Pois bem, caro amigo, ao suspender a produção de medicamentos, o Governo Federal automáticamente põe em risco todos aqueles que estão, atualmente, em tratamento. Veja bem, mesmo que o Governo compre os remédios e os distribua gratuitamente, quem assegura que a compra, que deverá ser feita por meio de pregão ou outro modo formal, será rápida o suficiente para não prejudicar os tratamentos? E se a partir do próximo orçamento estes remédios, que já não são produzidos, não estiverem previstos como essenciais à vida do cidadão? O que será dos pacientes que usam estes medicamentos e não têm dinheiro para comprá-los.

Alguns dos remédios suspensos chegam a custar mais de R$ 10.000,00, e são essenciais para a vida daqueles que deles dependem. Ora, o que importa mais? O lucro da indústria farmacêutica ou a vida do cidadão que depende de tratamento para sobreviver?

A suspensão das PDP´s nos soa muito estranha, como a maioria das medidas tomadas nos últimos 200 dias. Não há estudo que comprove o impacto da suspensão da produção desses medicamentos pelo Governo Federal, não há, em verdade, justificativa plausível para tal medida, nada que salte aos olhos, além do oculto intuito de contribuir para o lucro das empresas farmacêuticas.

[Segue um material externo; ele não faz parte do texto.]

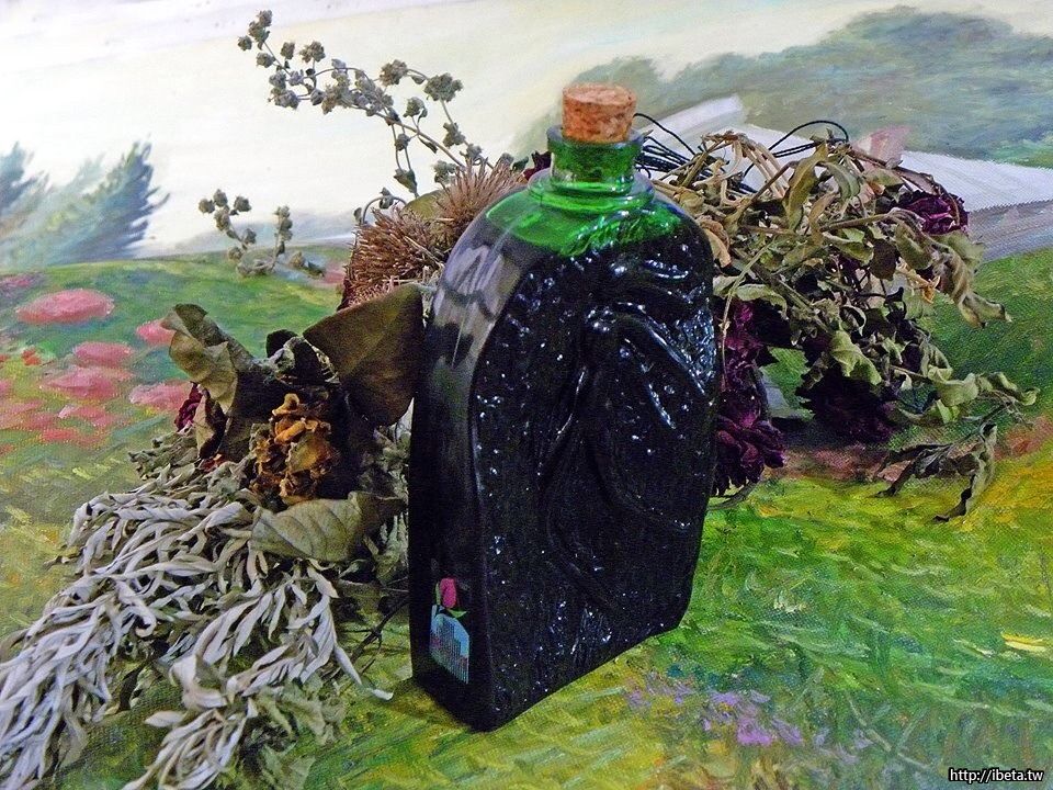 上圖-等麻油涼了,把艾草撈掉,並用塑膠濾桶將麻油濾乾淨,最後再用紗布濾好才裝入大玻璃瓶內,有需要時再分裝小瓶,這樣就完成囉。
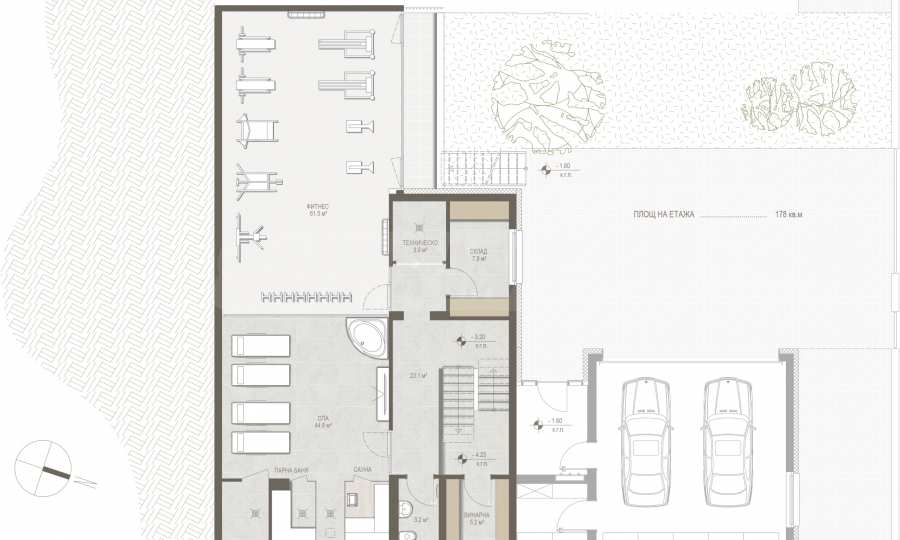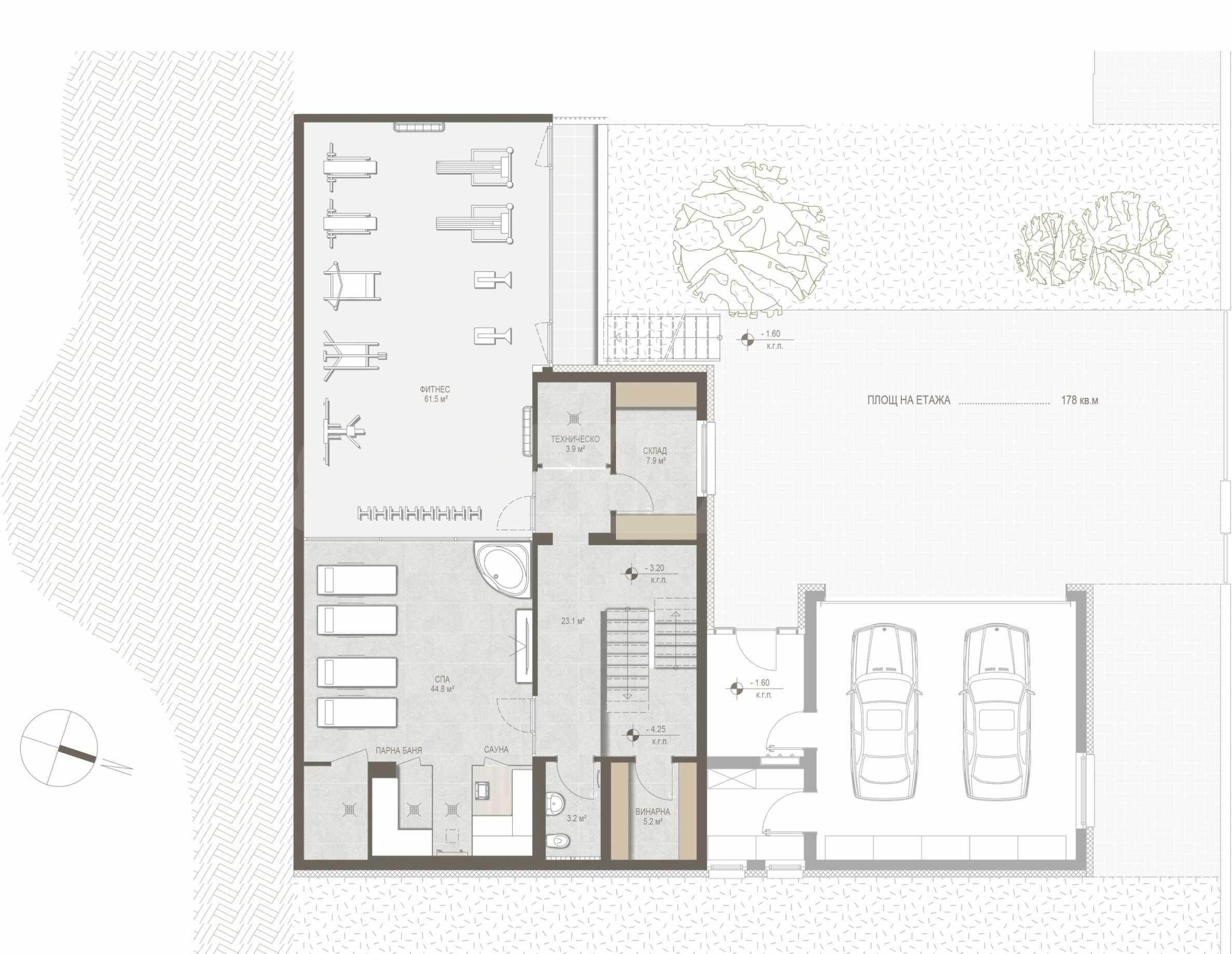 Сутерен: СПА зона, фитнес с богато остъкляване и тераса, тоалетна, винарна, три технически помещения .;

Muito interessante lembrar que a emergência é uma das poucas hipóteses de dispensa de licitação previstas em lei, ou seja, caso demonstrada a emergência para a compra, pelo poder público, de determinados medicamentos, não há necessidade de realização de concorrência licitatória, seja qual for a modalidade, entre as empresas que o produzem.

O que isso quer dizer na prática? Que o governo pode escolher de quem comprar, sem os trâmites licitatórios e a concorrência habitual, ou seja, o governo pode escolher beneficiar x ou y com a compra dos medicamentos.

Agora é com você, leitor, o que lhe parece?

Qual foi o objetivo do Governo com essa suspensão? Otimizar o serviço público? Melhorar a vida e a dignidade do usuário? Ou seria forçar aqueles que dependem desses remédios a comprá-los com o dinheiro de suas aposentadorias (se acalme, logo falaremos desse assunto)? Ou, até mesmo, comprar os medicamentos sem licitação, já que, a população pode morrer sem insulina, por exemplo, o que gera emergência.

Há muitas perguntas pairando… mas cabe mais uma bem importante aqui: qual a prioridade dessas medidas e desse Governo? Nós ou as empresas?

Bom, parece que começamos a entender o que o Presidente queria dizer quando afirmava que Direitos Humanos não teria espaço em sua gestão: é porque este é um Governo virado para empresas e dinheiro.

E que morram os pobres e necessitados, o que importa é lucrar!